Marcus's ideas concerning fields led me to think (to the extent that I can) about the ontological issues raised in quantum field theory (which has always appealed to me more than qm itself). So here is a link to a discussion of the philosophical issues involved in current QFT explorations, taken up at the conclusion of SEP's entry on QFT.

Quantum Field Theory (Stanford Encyclopedia of Philosophy)

Extract:

". . . Probably the most immediate trait of particles is their discreteness. Particles are countable or ‘aggregable’ entities in contrast to a liquid or a mass. Obviously this characteristic alone cannot constitute a sufficient condition for being a particle since there are other things which are countable as well without being particles, e.g., money or maxima and minima of the standing wave of a vibrating string. It seems that one also needs individuality, i.e., it must be possible to say that it is this or that particle which has been counted in order to account for the fundamental difference between ups and downs in a wave pattern and particles. Teller (1995) discusses a specific conception of individuality, primitive thisness, as well as other possible features of the particle concept in comparison to classical concepts of fields and waves, as well as in comparison to the concept of field quanta, which is the basis for the interpretation that Teller advocates. A critical discussion of Teller's reasoning can be found in Seibt (2002). Moreover, there is an extensive debate on individuality of quantum objects in quantum mechanical systems of ‘identical particles’. Since this discussion concerns QM in the first place, and not QFT, any further details shall be omitted here. French and Krause (2006) offer a detailed analysis of the historical, philosophical and mathematical aspects of the connection between quantum statistics, identity and individuality. See Dieks and Lubberdink (2011) for a critical assessment of the debate. Also consult the entry on quantum theory: identity and individuality.
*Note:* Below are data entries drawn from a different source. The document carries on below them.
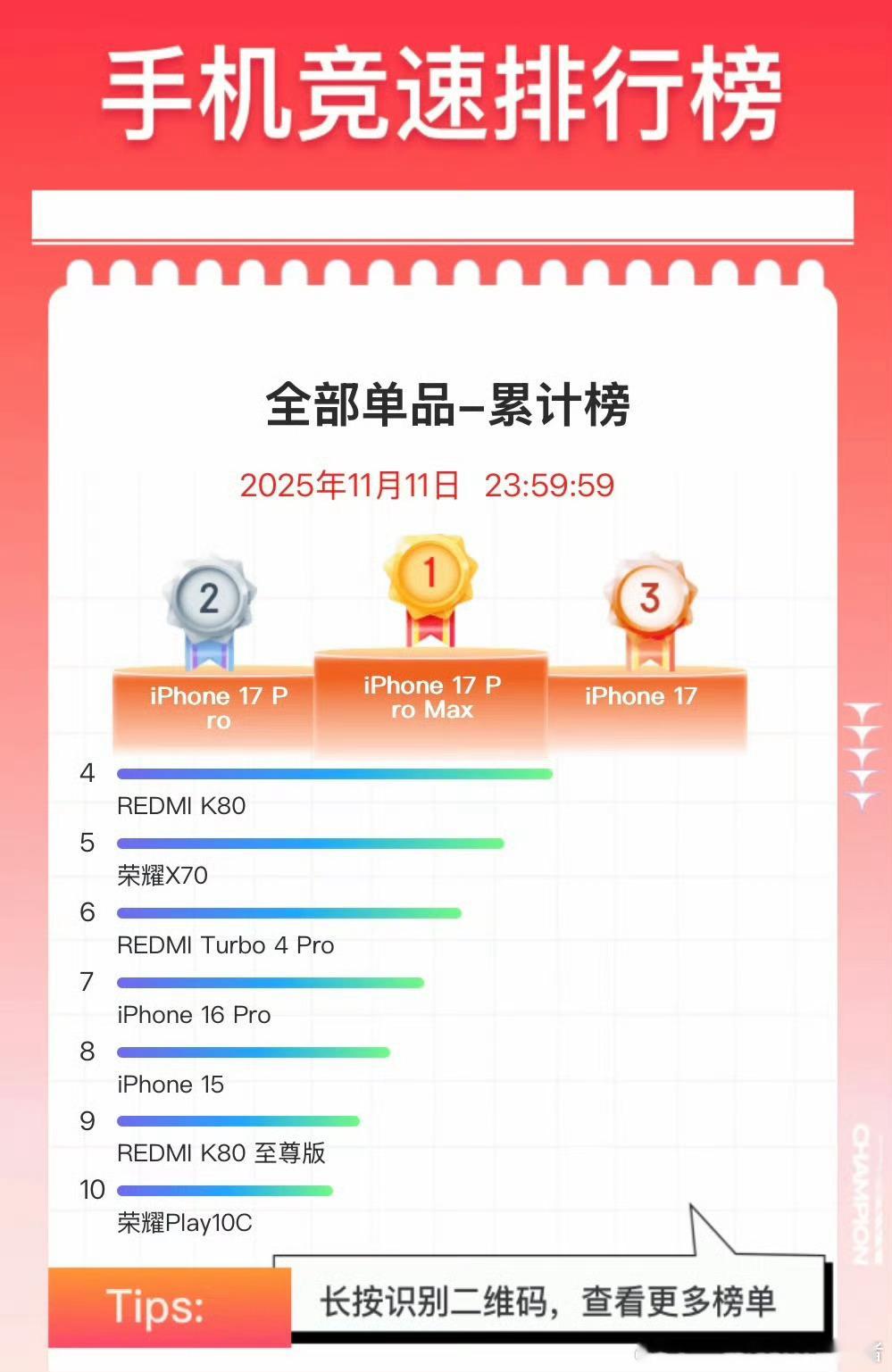 最强说不买但身体很诚实,今年的iPhone17系列卖爆了,国内销量即将突破一千万。双十一销量,iPhone17系列也是断层领先,在高端旗舰手机,苹果还是大部分用户的首选。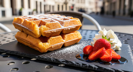 Belgian waffles with fresh strawberry and cream served on a table at an outdoor street cafe. Delicious breakfast on a sunny day.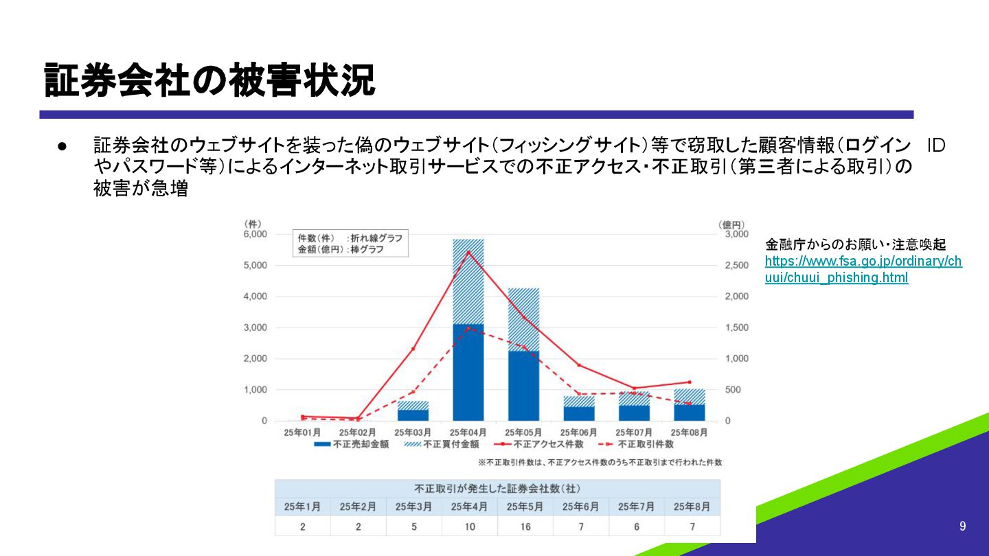 フィッシング攻撃被害 • 金融系をはじめユーザーを偽サイトへ誘導してパスワードなどのクレデンシャルを盗み出す • フィッシング攻撃の被害も継続している 7 時期 事例 2025年08月06日 SMBC日興証券をかたるフィッシング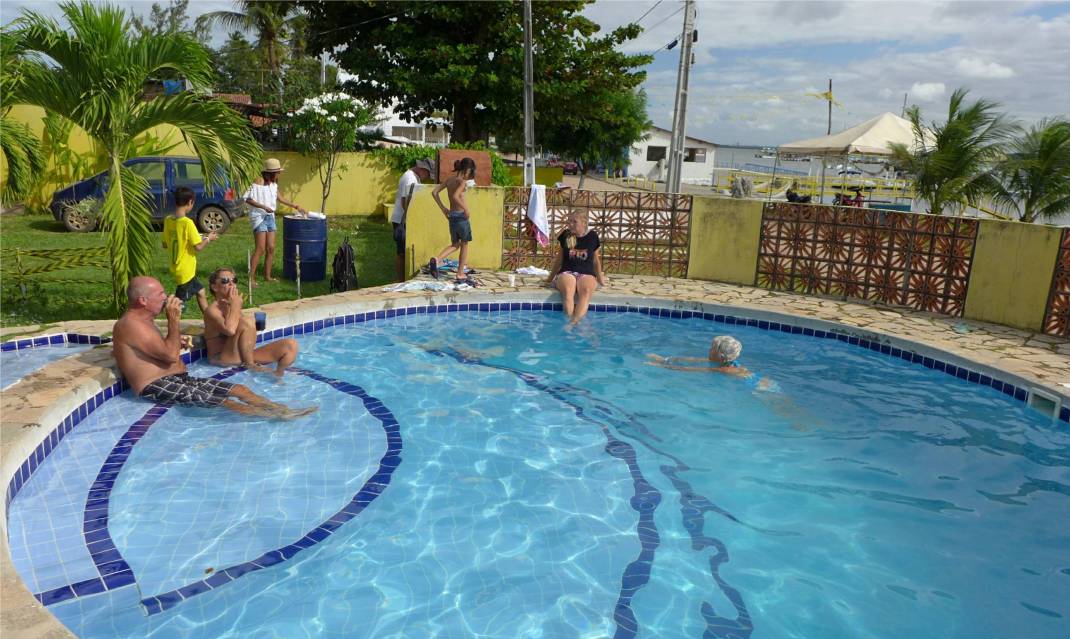Nebenbei haben wir Maris Rumpf geputzt, vom Beiboot aus war das eine sportliche Veranstaltung. Dabei haben wir leider festgestellt, dass Mari lauter ganz kleine schwarze Punkte hat. Anscheinend wurde in Salvador der Steg gemalt als wir nicht da waren. Es wird also noch weitere Trainingseinheiten geben. Vorhin hat Nobbi hundert Euro gespart. Hundert Euro soll es kosten das Schiff von unten reinigen zu lassen, Maris Bauch ist aber noch recht sauber, so dass wir das für teuer halten. Nobbi ist bei wenig Strömung in den Fluss gesprungen, hat unseren Impeller gängig gemacht und den Propeller gesäubert.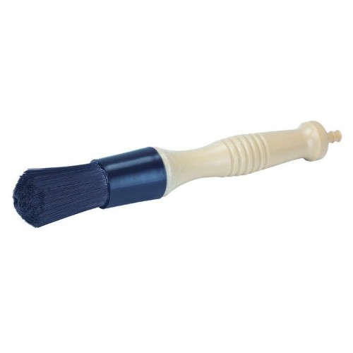 Escova de alta durabilidade para limpeza de peças na indústria automotiva, composta por fibras rígidas de PBT com extremidades curvas coladas com resina epóxi. Seu sistema de escoamento interno de líquido, com saída entre as fibras, torna esta escova adequada para uso com bomba de circulação para lavagem de solventes, conectada por mangueira à estação de desengorduramento.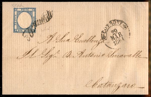 Annullato di Cotrone - 2 grana (20) corto in alto su lettera per Catanzaro del 29.3.1861 - A. Diena + A. Fiecchi + En. Diena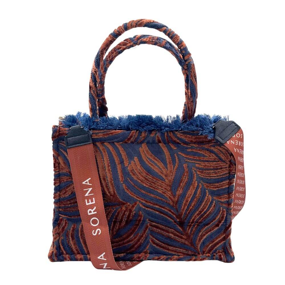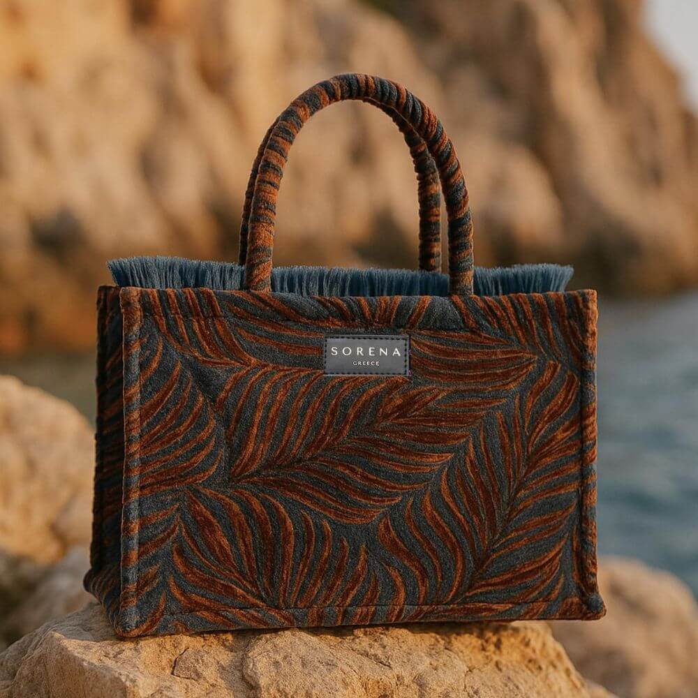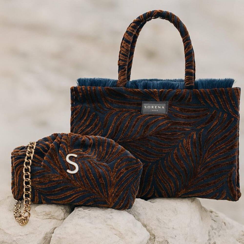 Γυναικεία τσάντα tote Sorena Handmade με κωδικό Dorothy Medium Tote Bag, σε κομψή καφέ απόχρωση με μπλε λεπτομέρειες. Κατασκευασμένη με βελούδινη υφή και προσεγμένο σχεδιασμό, προσφέρει ιδιαίτερο χαρακτήρα και μοναδικό στυλ σε κάθε εμφάνιση.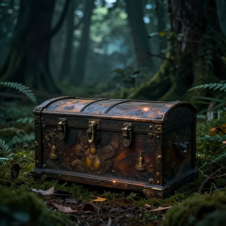 "Blending ancient chest hidden in the forest, magical, cinematic universe, hyper realistic, ultra detailed, magical,"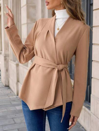 Clasi معطف للمكتب طويل الأكمام أنيق باللون الأحادي لموسم الخريف للسيدات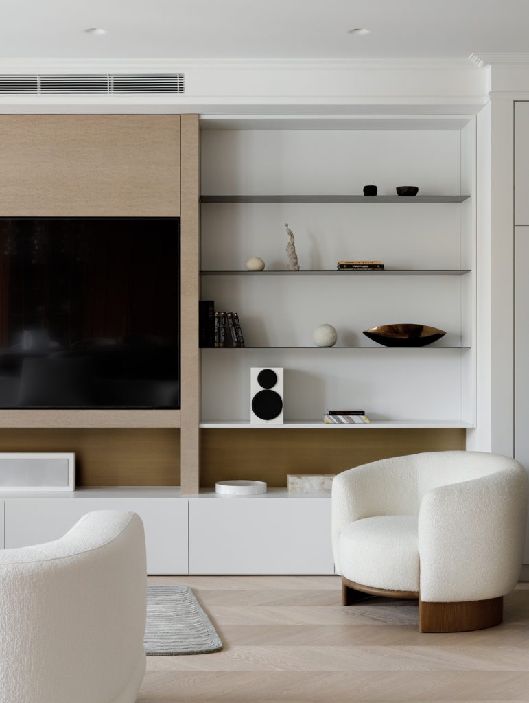 Задача проекта заключалась в объединении двух квартир в единое пространство, сохранив при этом функциональность и комфорт каждого помещения. Мы решили разделить жилое пространство на две чётко обозначенные зоны: публичную и приватную. Первая включает просторную гостиную, удобную прихожую, функциональный гардероб и оборудованный санузел для гостей. Вторая зона представляет собой два детских пространства, родительскую спальню, уютные ванные комнаты и хозяйственный блок.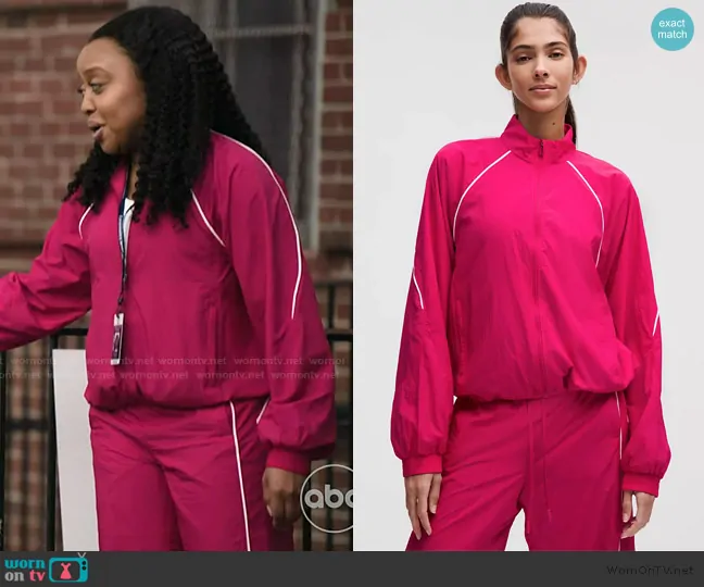 Janine Teagues (played by Quinta Brunson) on Abbott Elementary on ABC was spotted wearing this pink track Jacket and Pants on Abbott Elementary on episode 'Ava Fest: Tokyo Drift' (4x20) in Apr 2025. Janine's Jacket is the License to Train Lightweight Jacket by Lululemon . Janine's Pants is the License to Train Mid-Rise Lightweight Jogger by Lululemon.
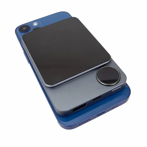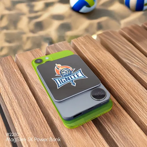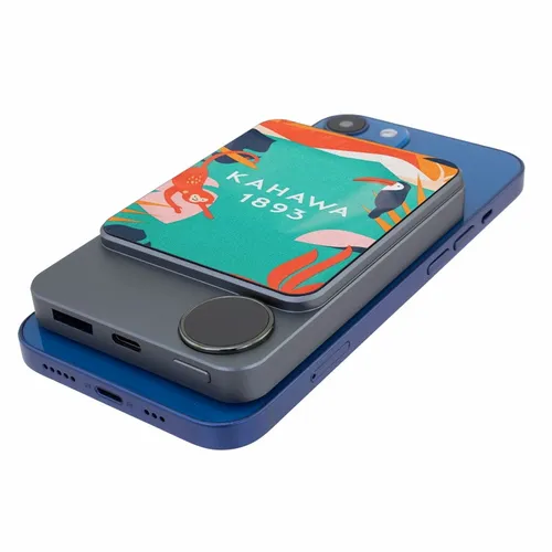 A slim and elegant power bank with a 5K charge, a partial metallic exterior, and an LED power-level display. Its modern style matches and compliments newer phone designs. The ports include a Type-C PD input and output and a USB port.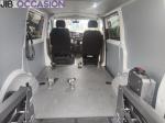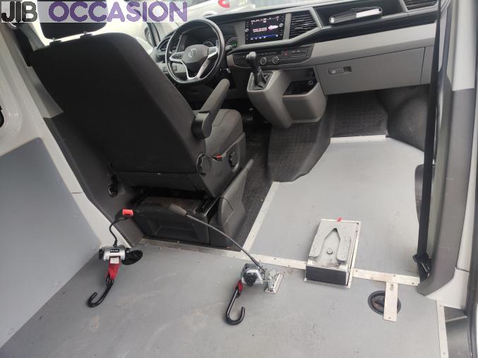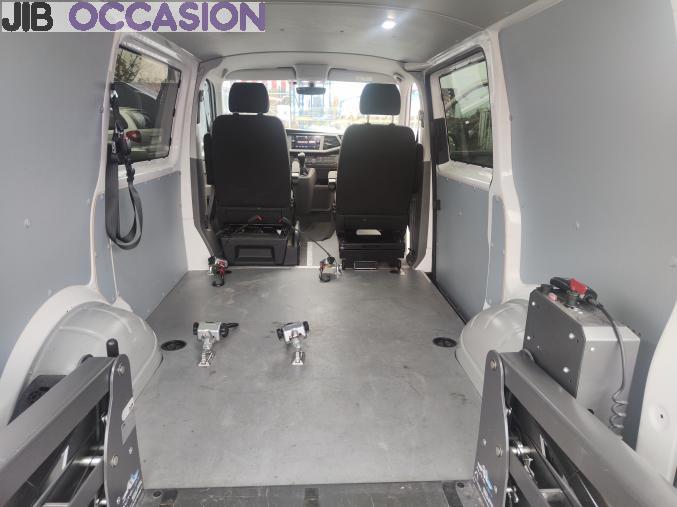 Le véhicule est aménagé pour le transport d'une personnes à mobilité réduite dans son fauteuil roulant.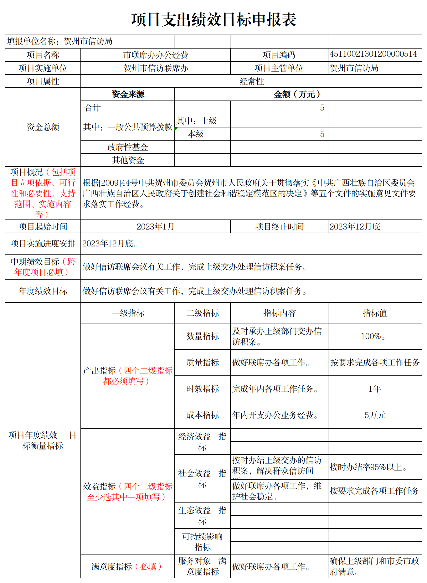 (五)项目支出:指用于信访保障工作的专项经费等。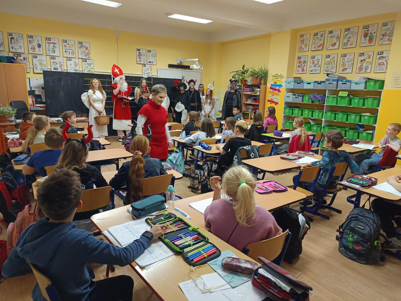 5. prosince nás ve třídě překvapili žáci 9. třídy, kteří přišli převlečení za Mikuláše a

There is still another feature which is commonly taken to be pivotal for the particle concept, namely that particles are localizable in space. While it is clear from classical physics already that the requirement of localizability need not refer to point-like localization, we will see that even localizability in an arbitrarily large but still finite region can be a strong condition for quantum particles. Bain (2011) argues that the classical notions of localizability and countability are inappropriate requirements for particles if one is considering a relativistic theory such as QFT.

Eventually, there are some potential ingredients of the particle concept which are explicitly opposed to the corresponding (and therefore opposite) features of the field concept. Whereas it is a core characteristic of a field that it is a system with an infinitenumber of degrees of freedom, the very opposite holds for particles. A particle can for instance be referred to by the specification of the coordinates x(t) that pertain, e.g., to its center of mass—presupposing impenetrability. A further feature of the particle concept is connected to the last point and again explicitly in opposition to the field concept. In a pure particle ontology the interaction between remote particles can only be understood as an action at a distance. In contrast to that, in a field ontology, or a combined ontology of particles and fields, local action is implemented by mediating fields. Finally, classical particles are massive and impenetrable, again in contrast to (classical) fields.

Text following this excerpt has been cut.